Efforts were made by officials to aid a stranded whale measuring 50 feet in length off the shores of Venice Beach, Florida, on Sunday. Initially believed to be around 70 feet long, by Sunday night, authorities revised their estimate to 50 feet, weighing between 50,000 to 70,000 pounds.


Situated on a sandbar approximately 50 yards from Service Club Park, the City of Venice reported the whale's location.

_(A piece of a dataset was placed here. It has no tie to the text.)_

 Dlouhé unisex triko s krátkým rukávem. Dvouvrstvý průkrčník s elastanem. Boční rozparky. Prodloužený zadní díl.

Collaborating with scientists from Mote Marine Laboratory, the Venice Police and Sarasota County Sheriff's Office are involved in the rescue operation for the identified sperm whale.



Crowds gathered along the shoreline to witness the adult sperm whale stranded on a sandbar near Service Club Beach in Venice on Sunday, March 10, 2024. Access to the park has been restricted by law enforcement to facilitate assessments conducted by scientists and the Florida Fish and Wildlife Conservation Commission.

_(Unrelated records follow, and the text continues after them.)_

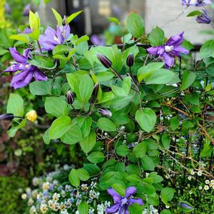お早うございます。 5月ですね〜☺️ 白内障の手術からほぼ1ヶ月 今一つの術後生活😅💦 庭仕事もままならず(禁止の為) それでも庭のお花は、 元気に咲き誇り 初夏へと季節がうつり お花とニャンコに癒されてます。 5月も ボケ防止の為 GS参加させて下さいね。😂🤣🤣、どうぞ宜しくお願いします…🙇♀ このクレマチス ネームプレートと 全く違うお花が咲いてビックリ そんな事も有るんですね… 花付きだと間違いなくて 良いですが。 お花は10㌢と大きめ 小花好きの私の選ばないタイプでしたが 咲いて見ると 中々見事👍😘 名前不詳ですが ❁💜クレマチス様です。🤭☺️✌️ 3年目です ユカリさんの、 🏷️目に青葉〜2025 に参加させて頂きます☺️🙏🙇♀ (1種目クレマチス)
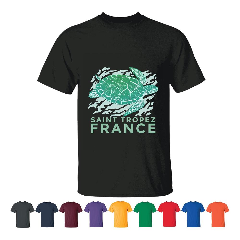 Saint Tropez Sea Turtle Animal Swimming Gift for Nature Lovers Men Women Black T shirt
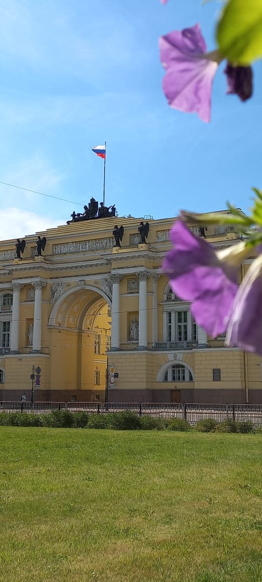 День 4. Часть 1. Этот день выдался очень погожим нам на радость. Мы решили просто погулять по городу, посетить особо любимые места, ведь завтра нам уезжать… Первым делом, конечно же, пошли на Дворцовую площадь. Если в прошлом году мы с неё начинали знакомство с городом, то в этом году решили оставить напоследок. По Невскому проспекту прошли мимо Казанского собора, через Арку Главного штаба вышли к Александровской колонне. А потом мимо Адмиралтейства к Исаакиевскому собору. Снова какое-то время я наслаждалась этим величественным великолепнейшим строением. Снова прочувствовала его мощь и силу. Снова время побежало мимо. Почувствовав необходимость в отдыхе, мы решили плавно двигаться обратно. Было время обеда и мы с удовольствием зашли в грузинский ресторан. Бизнес-ланч был шедевральным: тёплый салат из курицы, редиса, свежих и маринованных огурцов, зелени и интересной заправки; горячий лаваш; хачапури и ягодный морс. Мой желудок получил истинное наслаждение! Мы не смогли всё доесть, еды

By late Sunday, adverse weather conditions impeded officials' attempts to administer a sedative to the whale for rescue efforts. The Florida Fish and Wildlife Conservation Commission stated that their best course of action was to reassess the situation on Monday due to rough seas.


Reports from the Sarasota Herald-Tribune, a part of the USA TODAY Network, indicated that by late morning, hundreds of spectators had gathered along the shore to observe the stranded whale. Gretchen Lovewell, Manager of Mote Marine Strandings Investigation Program, disclosed receiving a distress call about the whale's sighting on a sandbar roughly 150 yards from the beach at 8:30 a.m.


Despite relocation to a nearer sandbar, the whale, dependent on deep waters for survival, was observed deteriorating slowly. By Sunday night, the whale exhibited signs of labored breathing but remained alive.


Monitoring efforts involve scientists from various agencies including Mote, FWC, Clearwater Marine Aquarium, University of Florida, and Sarasota Dolphin Project, focusing on the whale's respiratory patterns, as reported by the Herald-Tribune.